**ABOUT THIS EXERCISE:** Quote only the span from the first line of the entries to the line containing "VIN # WDBBA48D5HA068822 (560SL315)", both ends kept. Leave every picture out.

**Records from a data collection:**

■ ■ ■

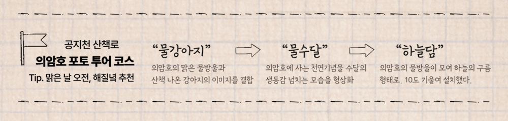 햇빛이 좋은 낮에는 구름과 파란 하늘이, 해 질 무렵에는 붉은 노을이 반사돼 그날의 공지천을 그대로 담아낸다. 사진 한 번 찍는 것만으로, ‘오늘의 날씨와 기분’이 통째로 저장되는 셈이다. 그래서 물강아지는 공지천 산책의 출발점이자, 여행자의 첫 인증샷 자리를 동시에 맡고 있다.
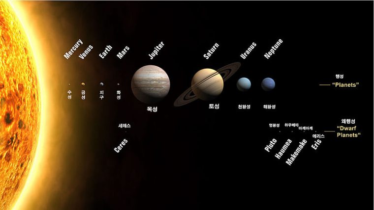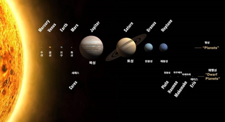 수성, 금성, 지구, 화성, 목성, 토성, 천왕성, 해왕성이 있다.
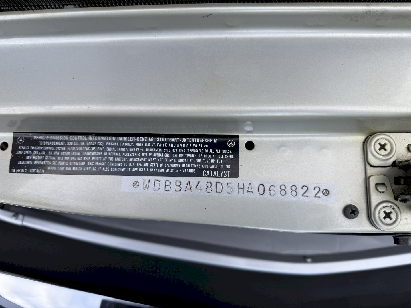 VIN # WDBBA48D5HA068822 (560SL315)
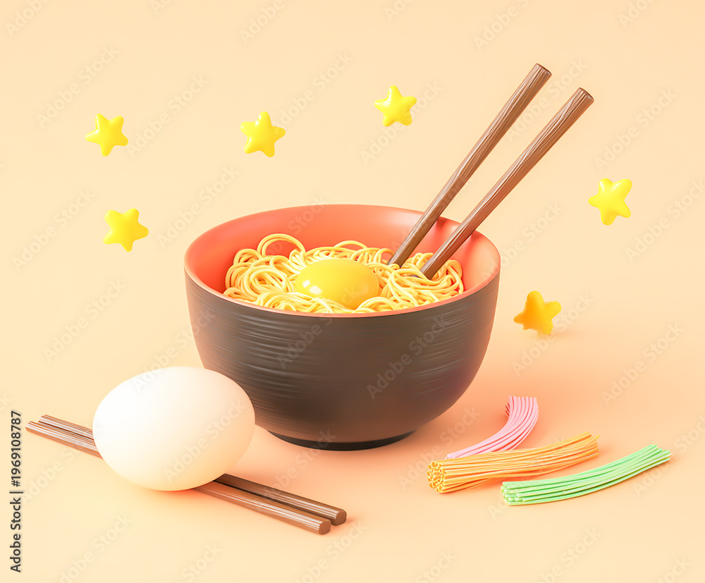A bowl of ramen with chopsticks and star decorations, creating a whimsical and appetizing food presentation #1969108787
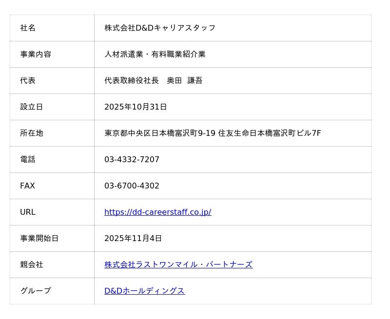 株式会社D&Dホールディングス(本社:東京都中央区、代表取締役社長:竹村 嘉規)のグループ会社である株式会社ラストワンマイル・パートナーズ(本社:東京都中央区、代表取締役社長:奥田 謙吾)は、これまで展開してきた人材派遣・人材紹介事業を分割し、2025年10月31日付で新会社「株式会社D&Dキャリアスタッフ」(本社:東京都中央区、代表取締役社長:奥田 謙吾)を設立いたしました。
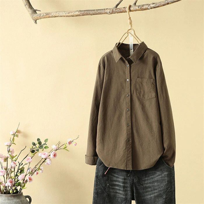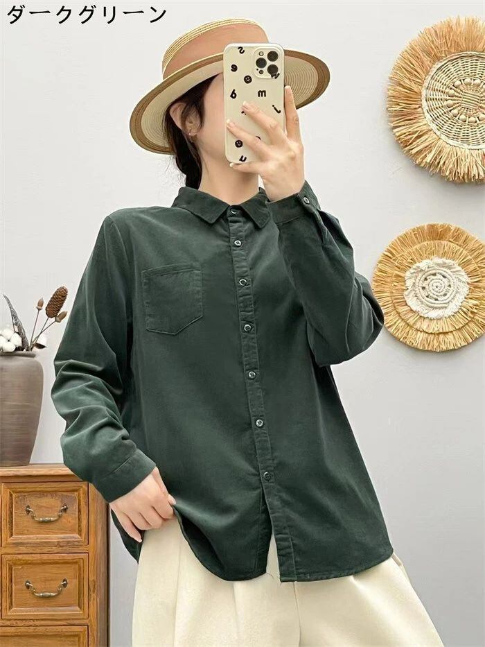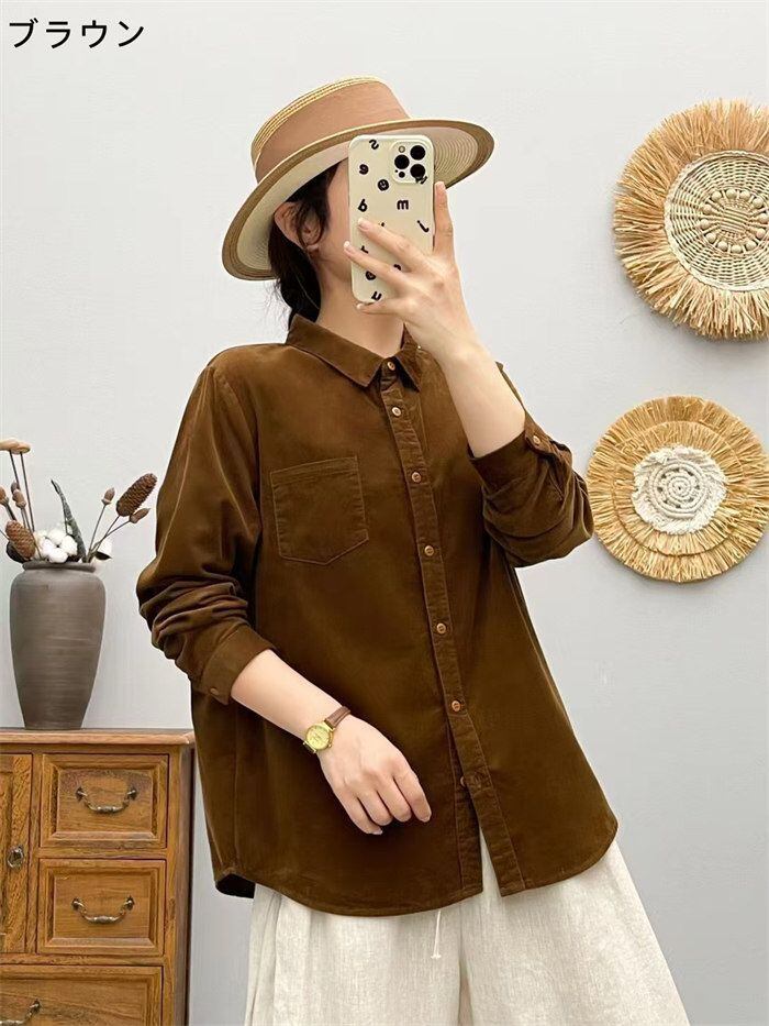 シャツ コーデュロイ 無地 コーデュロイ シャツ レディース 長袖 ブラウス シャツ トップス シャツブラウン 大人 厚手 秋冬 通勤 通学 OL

■ ■ ■

**ANSWER BOX:**
 햇빛이 좋은 낮에는 구름과 파란 하늘이, 해 질 무렵에는 붉은 노을이 반사돼 그날의 공지천을 그대로 담아낸다. 사진 한 번 찍는 것만으로, ‘오늘의 날씨와 기분’이 통째로 저장되는 셈이다. 그래서 물강아지는 공지천 산책의 출발점이자, 여행자의 첫 인증샷 자리를 동시에 맡고 있다.
 수성, 금성, 지구, 화성, 목성, 토성, 천왕성, 해왕성이 있다.
 VIN # WDBBA48D5HA068822 (560SL315)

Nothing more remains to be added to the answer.